Russian bank raises rate to 20% to help rouble and prevent bank run in brace for sanctions impact

ITV News Correspondent Neil Connery reports on the impact sanctions are already having on normal Russian people

Russia’s Central Bank has sharply raised its key rate from 9.5% to 20% in a desperate attempt to shore up the plummeting rouble and prevent bank runs.

The rouble sharply dived in early Monday trading, as crippling Western sanctions over the Russian invasion in Ukraine began to bite.

The rouble plunged about 30% on Monday against the US dollar as markets opened, after Western nations moved to block Russian banks from the SWIFT global payments system

The bank’s action follows the Western decision on Sunday to freeze its hard currency reserves in an unprecedented move that could have devastating consequences for the country’s financial stability.

Footage of customers forming queues to withdraw cash from ATMs in Russia began emerging on social media on Monday morning.

A woman exchanging cash in Euros and Dollars in Moscow told ITV News she is worried about the instability of her country's currency and is concerned she could starve.

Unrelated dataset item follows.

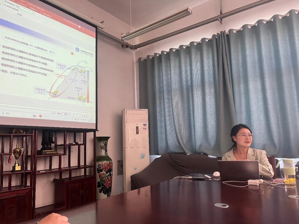 研讨会中,地理与旅游学院新进教师黄丽容做了主题为“温度变化对长白山苔原带典型灌木生态系统的影响”的学术报告。该研究以长白山苔原带灌木-土壤生态系统为研究对象,采用“空间代替时间”的方法,将植被-土壤整体在海拔间互换来分别模拟气候变暖和气候变冷。研究分析了温度变化对长白山苔原带土壤微生物群落特征和灌木叶片功能性状的影响,并进一步揭示气候变化下土壤微生物-土壤理化性质-叶片功能性状三者及其耦合作用对长白山苔原带灌木生长的调控机制。研究结果为预测高山苔原带未来植被分布变化提供了重要的依据。报告最后,各位老师针对报告内容与黄丽容老师进行了充分讨论。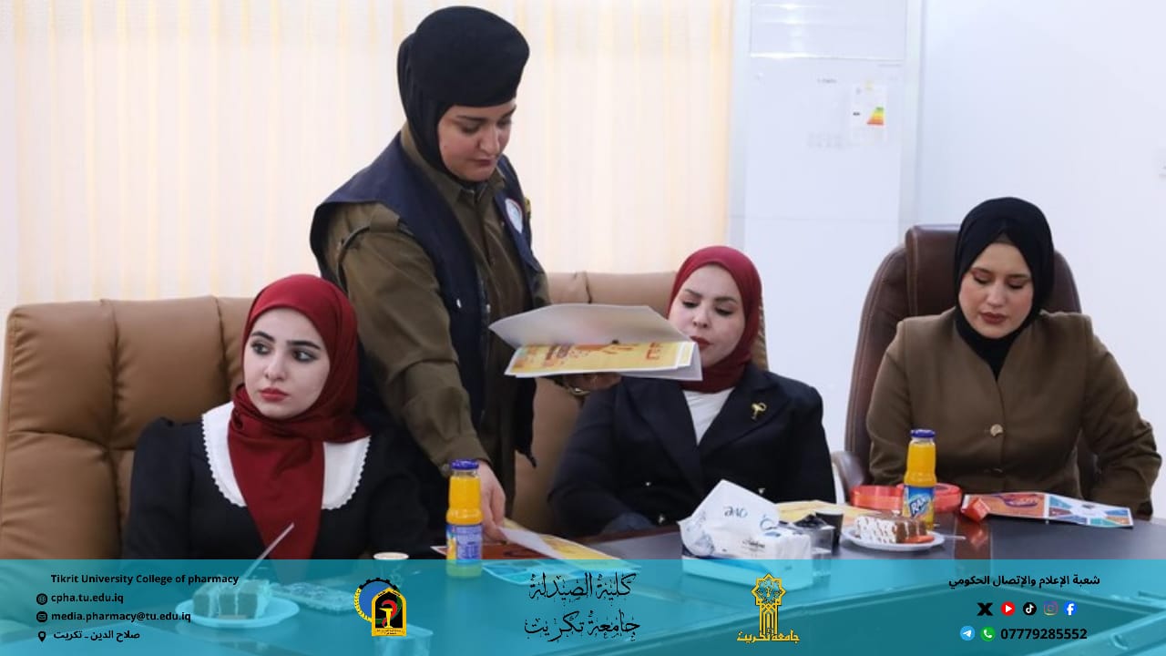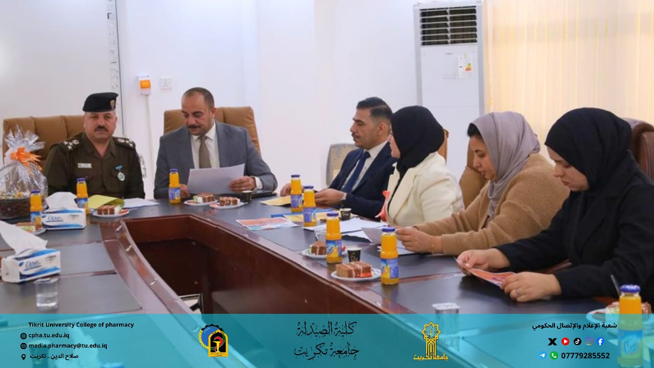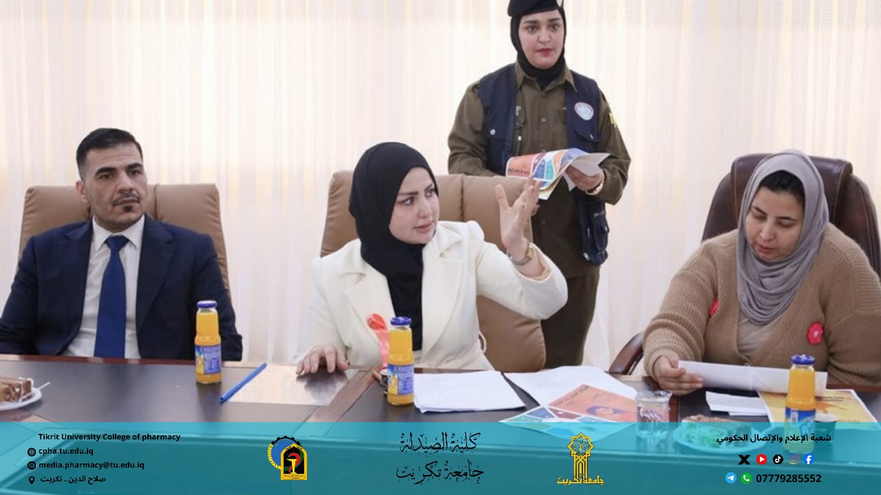 وبرعاية الأستاذ الدكتور وعد محمود رؤوف رئيس جامعة تكريت المحترم، وبإشراف الأستاذ المساعد الدكتور عمر صالح حسن عميد كلية الصيدلة المحترم، والأستاذ المساعد الدكتور سياف عبد حسين مدير مركز التعليم المستمر المحترم.

How do financial sanctions hit Russian banks? ITV News Economics Editor Joel Hills explains

When asked why she was exchanging Rouble, she said: "Because of the unstable situation in the country. We could lose money.

"Speaking plainly, we could end up without anything and won’t even be able to buy bread."

She said she was scared of "depreciation, money, devaluation", adding: "In our country that has already happened. I don’t want to end up hungry."

A Moscow resident said she is exchanging money so she doesn't 'end up hungry' Credit: ITV News

Another resident in Moscow told ITV News she had tried to withdraw cash from numerous ATMs "many times" on Monday.

She explained she wants to save her money in cash and convert it to Euros or Dollars, adding: "I didn't know what will be [the situation] with banks and electronics."

A Moscow resident who has struggled to withdraw cash from multiple ATMs tells ITV News why she is exchanging her money

It was unclear exactly what share of Russia’s estimated $640 billion (estimated at £450bn before markets opened in London on Monday), hard currency coffers will be paralysed by the move, but European officials said that at least half of it will be affected.

The move is expected to dramatically raise pressure on the rouble by undermining the financial authorities’ ability to conduct hard currency interventions to prevent the rouble from sinking further and triggering high inflation.

The Central Bank also ordered a slew of measures to help the banks cope with the crisis by infusing more cash into the system and easing restrictions for banking operations.

People were seen queuing up at ATMs in Moscow on Monday amid fears residents could lose money Credit: ITV News

At the same time, it temporarily barred non-residents from selling the government obligations to help ease the pressure on rouble from panicked foreign investors eager to cash out.

The Treasury said on Monday morning the UK would strengthen sanctions by targeting Russia’s central bank.

The government will “take all necessary steps to bring into effect restrictions to prohibit any UK natural or legal persons from undertaking financial transactions involving the (Russian central bank), the Russian National Wealth Fund, and the Ministry of Finance of the Russian Federation”, the Treasury said.

Chancellor Rishi Sunak added: “These measures demonstrate our determination to apply severe economic sanctions in response to Russia’s invasion of Ukraine.

“We are announcing this action in rapid co-ordination with our US and European allies to move in lockstep once more with our international partners, to demonstrate our steadfast resolve in imposing the highest costs on Russia and to cut her off from the international financial system so long as this conflict persists.”

A Ukrainian soldier walks past debris of a burning military lorry, on a street in Kyiv, Ukraine Credit: Efrem Lukatsky/AP

What is a 'bank run'?A bank run occurs when many customers attempt to withdraw their funds at one time because they are concerned that the bank may stop running imminently.

Banks generally do not hold all their assets as cash, and face pressure if large numbers of customers are all attempting to withdraw their money at once.

As a bank run intensifies in, for instance, response to a conflict where consumers fear cash will soon become unattainable, the risk of a bank defaulting due to mass withdrawals deepens.

In order to limit a bank run, the institutions sometimes impose limits on how much cash customers can withdraw, or they may attain more cash from other banks or a country's central bank.

A mass bank run where several banks are affected all at once, such as those that occurred during the cusp of the Great Depression, are collectively known as a bank panic.